Bomb plot retrial considered - News in brief - Evening Standard
       

Bomb plot retrial considered

Prosecutors are expected to decide within days whether seven men accused of plotting mass murder on board transatlantic aircraft should face a retrial after a jury failed to reach verdicts.

Three of the men were convicted of conspiracy to murder - but the jurors could not agree over prosecution claims that they intended a wave of suicide bombings on flights from Heathrow Airport to North America.

UK counter-terrorism officials felt it was the strongest case ever brought in a British terror trial and were astonished at the jury's indecision, according to reports.

There were suggestions that the US may have forced the British authorities to move against the men - who were under surveillance - sooner than they wanted.

In early August 2006 Pakistani security services detained a man allegedly linked to the plot, reportedly at the request of American agencies. Peter Clarke, the retired head of Scotland Yard's Counter Terrorism Command, said British officials had to act in response to this arrest.

Mr Clarke said Scotland Yard decided "in a matter of minutes" to move against 20 suspects, fearing that they could destroy evidence or panic and mount a "desperate attack".

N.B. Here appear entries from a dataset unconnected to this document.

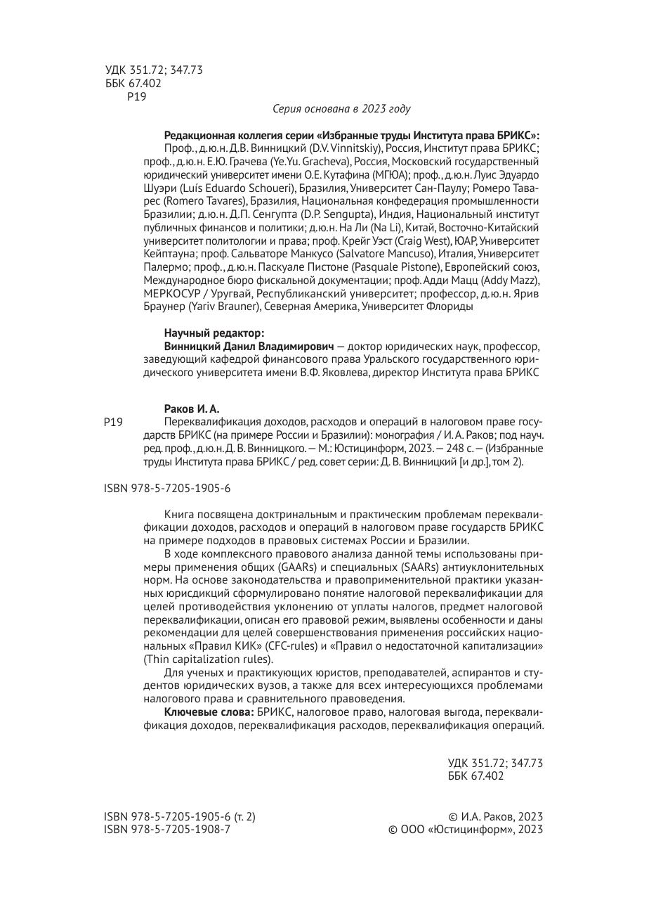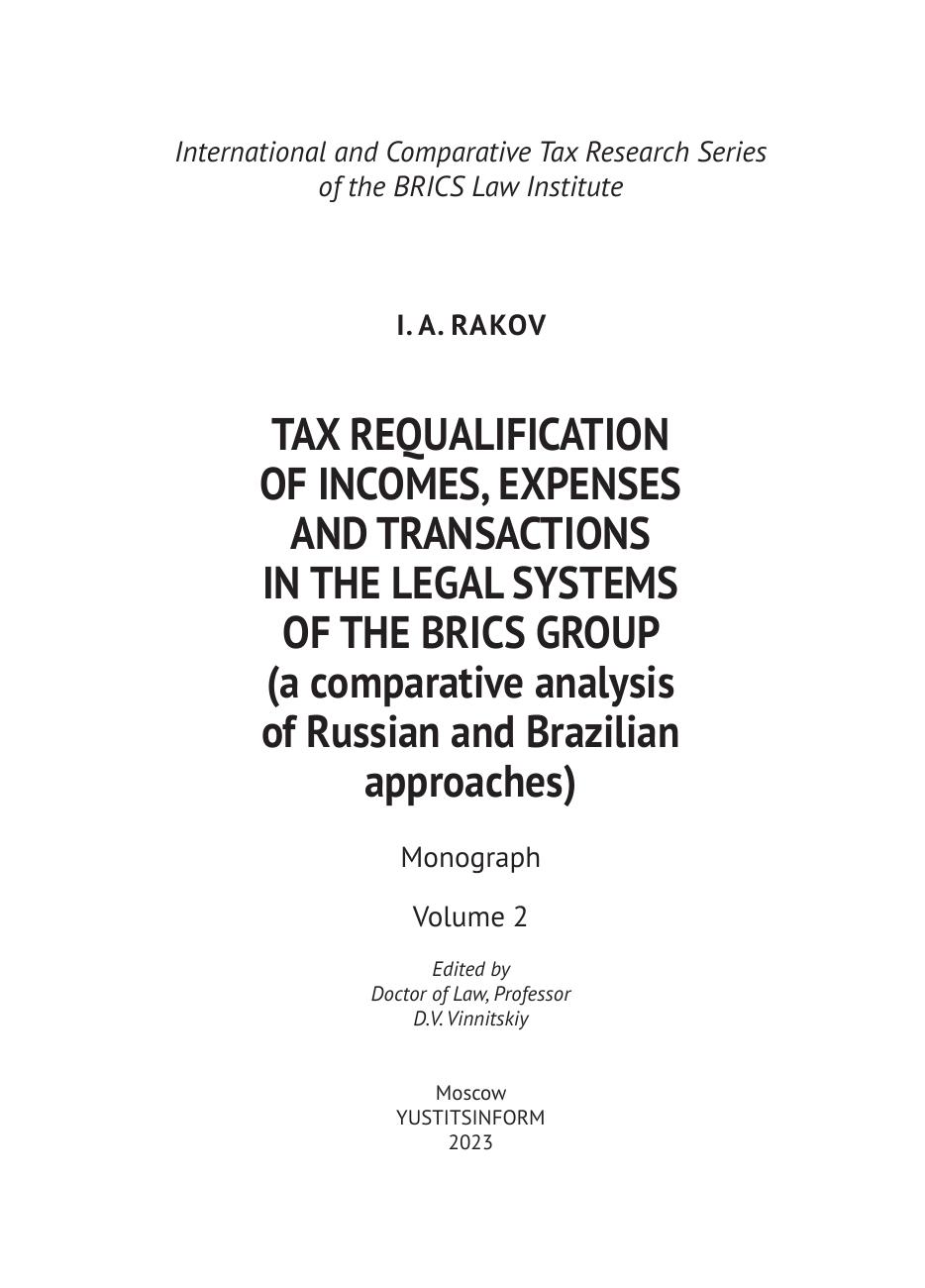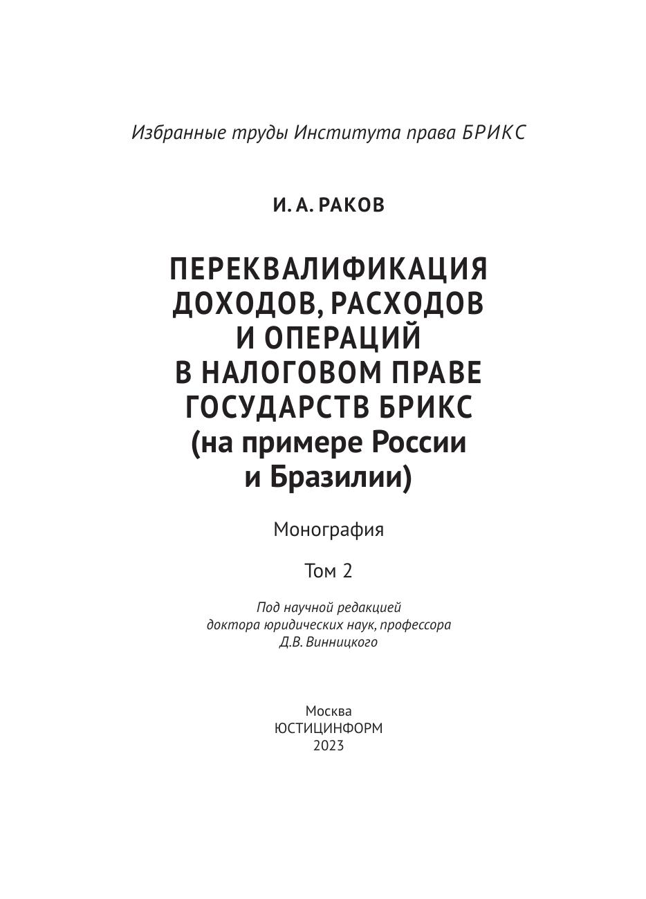 Переквалификация доходов, расходов и операций в налоговом праве государств БРИКС (на примере России и Бразилии): Том 2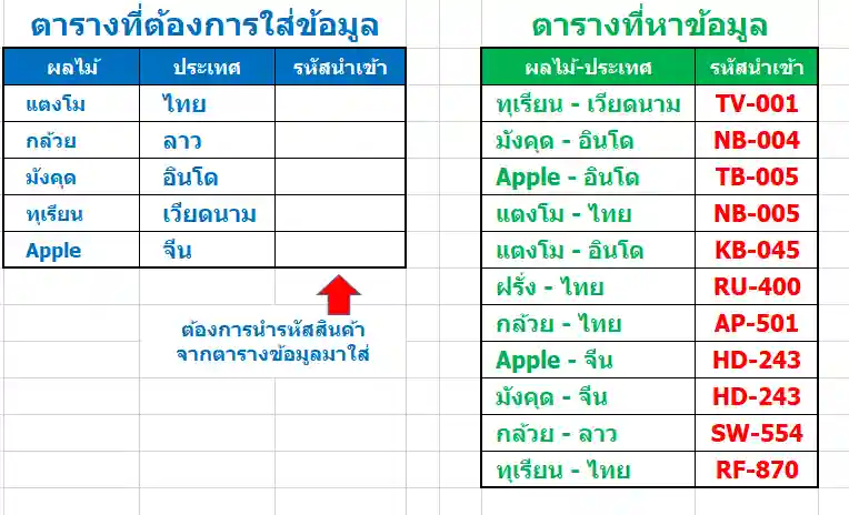 โดยโจทย์ เราต้องการนำรหัสการนำเข้าผลไม้ของประเทศต่างๆ จากตารางข้อมูล มาใส่ในตารางรายการของเรา ซึ่งในตารางข้อมูล ชื่อของผลไม้และชื่อประเทศ นั้นอยู่รวมในช่องเดียวกันและมีเครื่องหมายขีดคั่นตรงกลาง แต่ตารางรายการที่เราจะใส่ข้อมูล ชื่อผลไม้ แยกกันอยู่คนละช่อง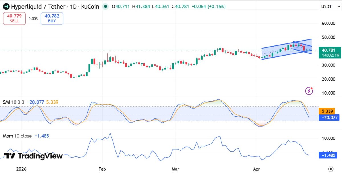 During the broader market pullback, Hyperliquid [$HYPE] fell from $45 to a local low of $40. At press time, it was trading at $41, up 0.6% on the daily chart.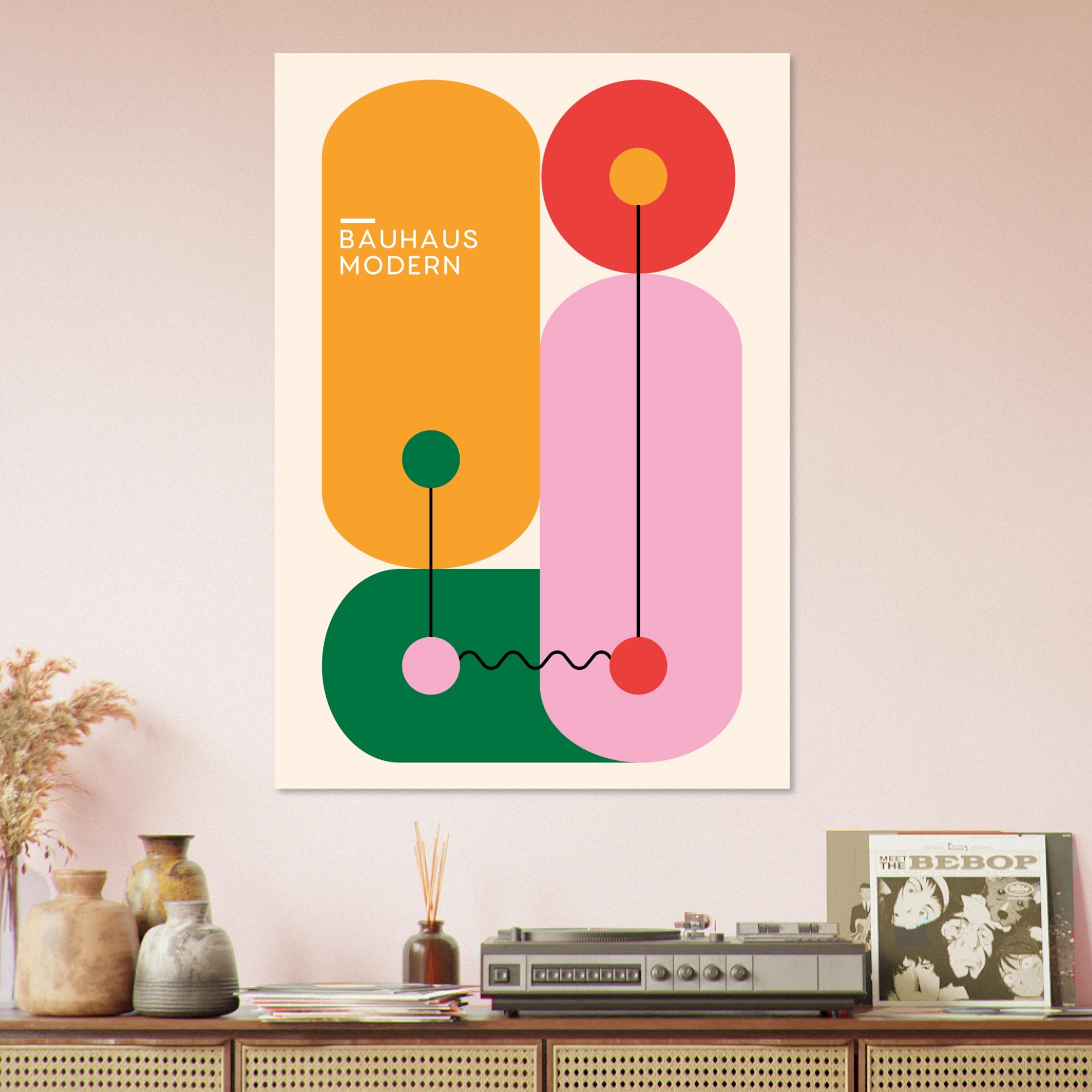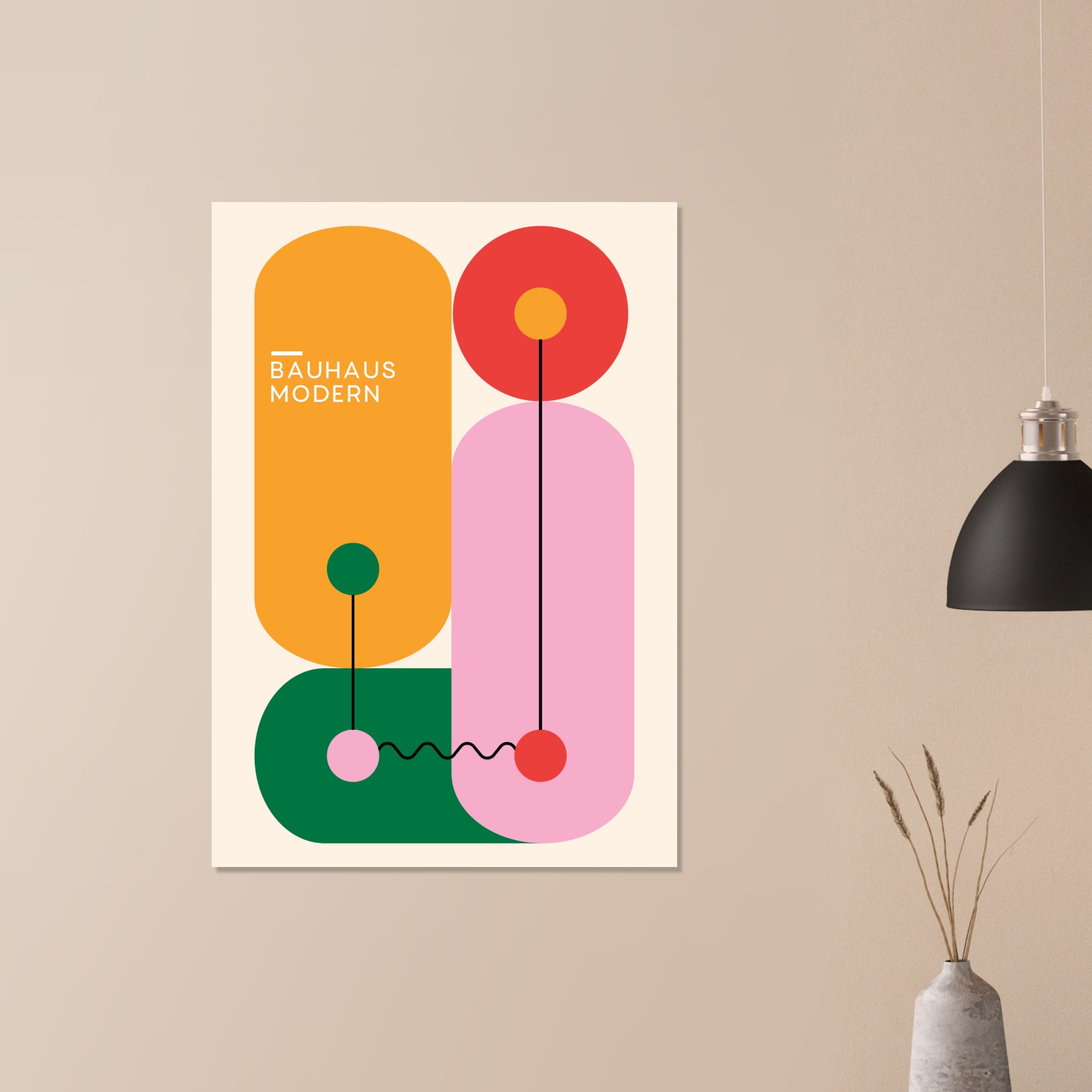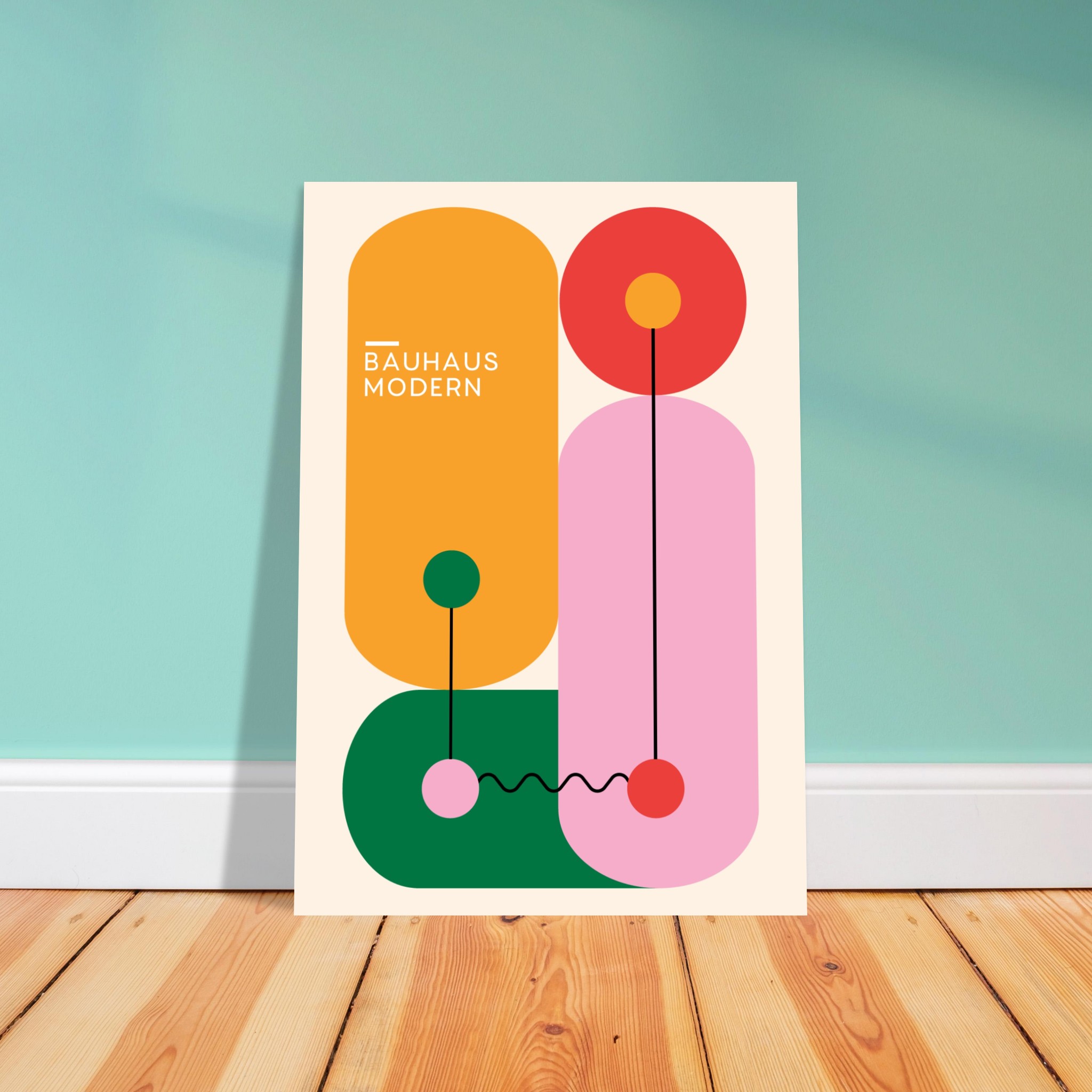 Voeg een vleugje modernistische elegantie toe aan je interieur met ‘Bauhaus – Modern Art’, een artistieke expressie uit de toonaangevende Bauhaus collectie. Deze poster, die de strakke lijnen en de abstracte vormen van de Bauhaus-stijl omarmt, belichaamt de tijdloze invloed van deze revolutionaire kunst- en designbeweging. Het minimalistische en toch dynamische ontwerp maakt ‘Modern Art’ tot een perfecte aanvulling voor elke ruimte, en biedt een subtiele maar krachtige uiting van de modernistische esthetiek die het Bauhaus wereldwijd bekend heeft gemaakt.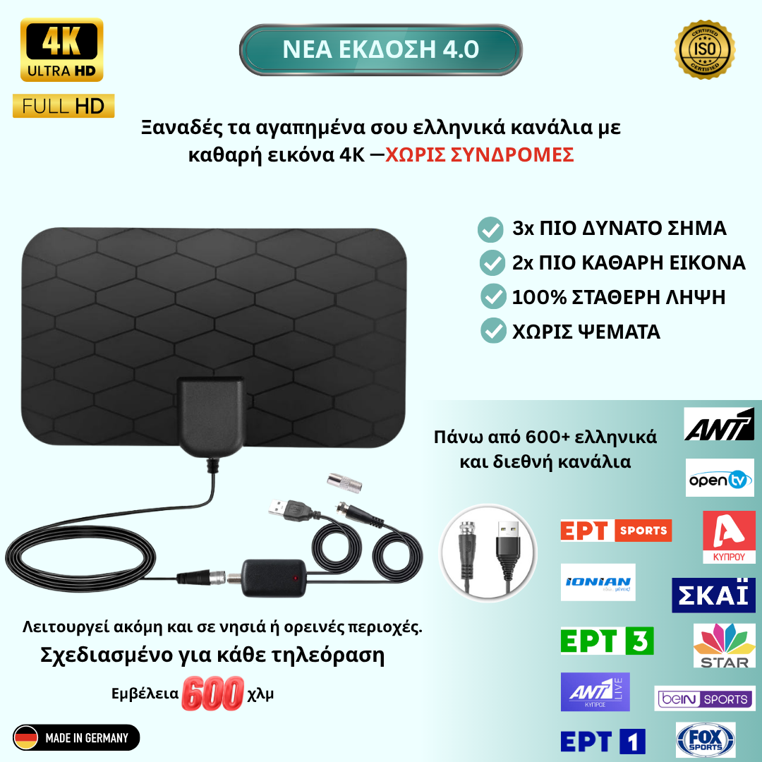 Μπορεί να πιάσει πάνω από 100 ελληνικά και διεθνή κανάλια (ειδήσεις, σπορ, σειρές, ταινίες, ντοκιμαντέρ) με κρυστάλλινη ποιότητα 4K, χωρίς παρεμβολές ή διακοπές.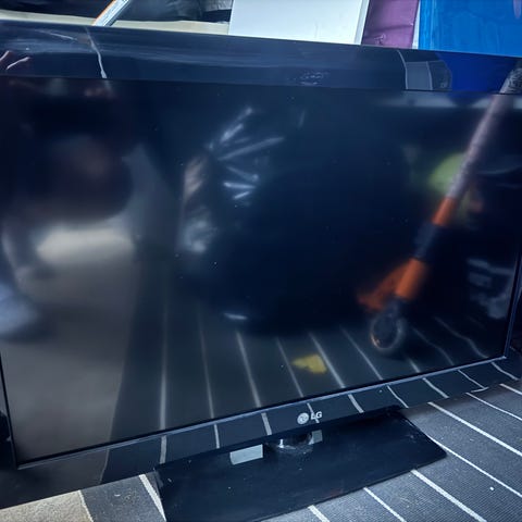 Samsung tv. Platt tv 32” med vit baksida. Lämplig för användning i vardagsrum eller sovrum för att titta på tv-program, film och strömningstjänster. Exakta mått, modellbeteckning och upplösning framgår inte av underlaget.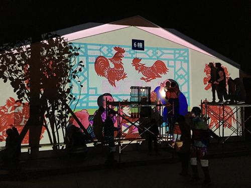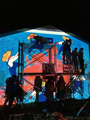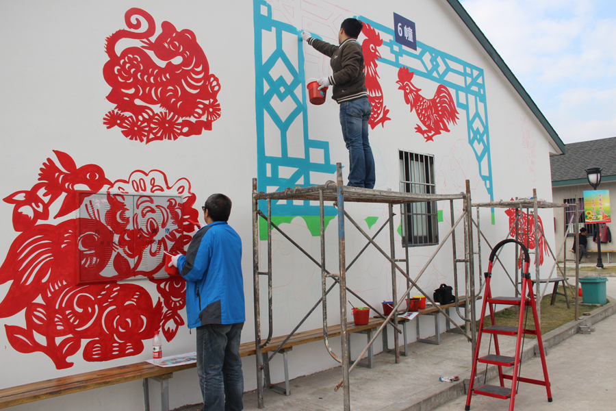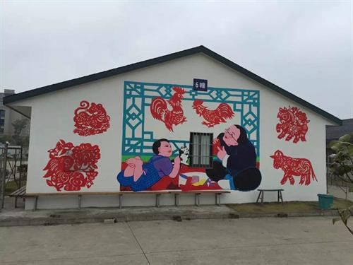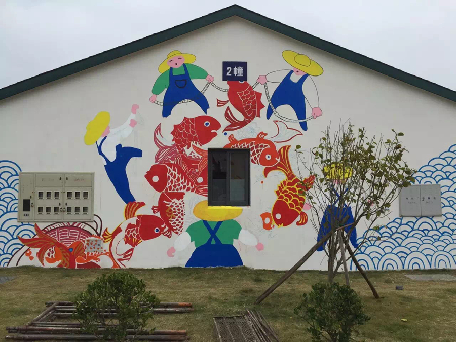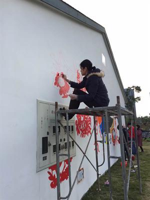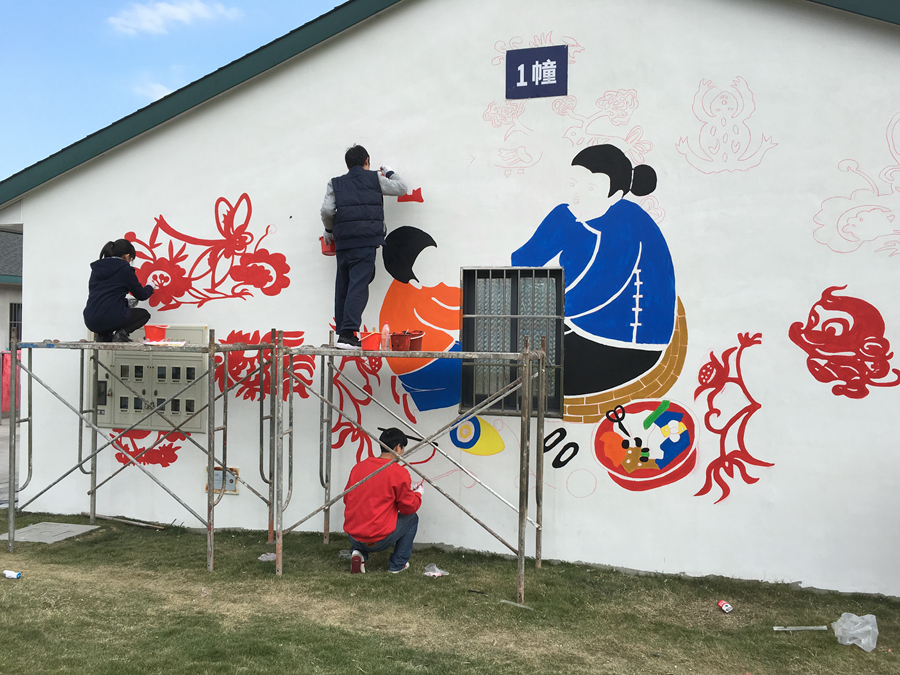 壁画以舟山渔民和老年文化元素为主题。绘制渔民画的过程中,学生们直接用粉笔在墙上勾勒出草图;而剪纸图案壁画花纹繁琐直接勾勒难度较大,遂启用投影仪将电子画稿投影到墙面上再勾勒出草图。由于投影仪的特殊性必须在夜晚工作,大家顶着严寒在昏黄的灯光下细心描绘直至深夜,终于勾勒完所有草图。第二天早晨赶在太阳升起时又立即开工准备上色,由于墙面面积大,同学们在2米高的铁架上长时间保持同一姿势且双手没有任何支撑物的情况下作画,也丝毫没有懈怠。居住点的大伯大妈看着一面面素墙瞬时变得丰富多彩起来,连声夸赞道:“晒太阳时看着这些漂亮的画,心情也变得好起来!”舟山当地新闻媒体闻讯后也赶来现场进行了采访报道。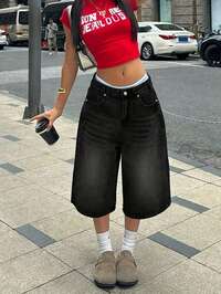 SHEIN SLAYR KIDSTeinityttöjen rento kevät-kesämalli, kevyesti pestyt, matalalla vyötäröllä varustetut, raakahelmalla varustetut farkkushortsit, vuoden 2000 kesän boheemit rantaloman konsertti-rave-festivaalit, teinityttöjen kesäshortsit, kesäloma, kevät, ranta tytöille, lomatyttöille, ystävänpäivä SHEIN Teini-ikäisen tytön kesäiset ranta-boho-rentoiset 3-osainen mustat, siniset, valkoiset pussilliset farkkushortsit, revityt vinotaskulla, boheemit rantakonsertit, rave-festivaalit, valmistujaiset, kesäloman rennot shortsit, koulu, kampus, yliopisto SHEIN Teini-ikäisen tytön kesäiset kevyesti pestyt, löysiä A-linjaiset, rennosti muotoillut farkkushortsit raakahelmalla, mukavat ja tyylikkäät, rento ja katutyyli, kesä, sopivat kevät- ja kesävaatteiksi, elegantit ja juhlavaatteet, kevätloman, kesän rantaloman asut, kesäshortsit, valkoiset farkkushortsit

The three Islamic extremists convicted of conspiracy to murder - Abdulla Ahmed Ali, 27, Assad Sarwar, 28, and Tanvir Hussain, 27 - are now facing lengthy prison sentences. They were members of an east London al Qaida-inspired terror cell which planned to detonate home-made bombs in attacks on British targets including Heathrow Airport, the jury at Woolwich Crown Court found.

The three had already admitted planning a series of small-scale headline-grabbing bomb attacks. But, by a majority of 10 to two, the jurors rejected their claims that they did not plan to kill or hurt anyone in the blasts.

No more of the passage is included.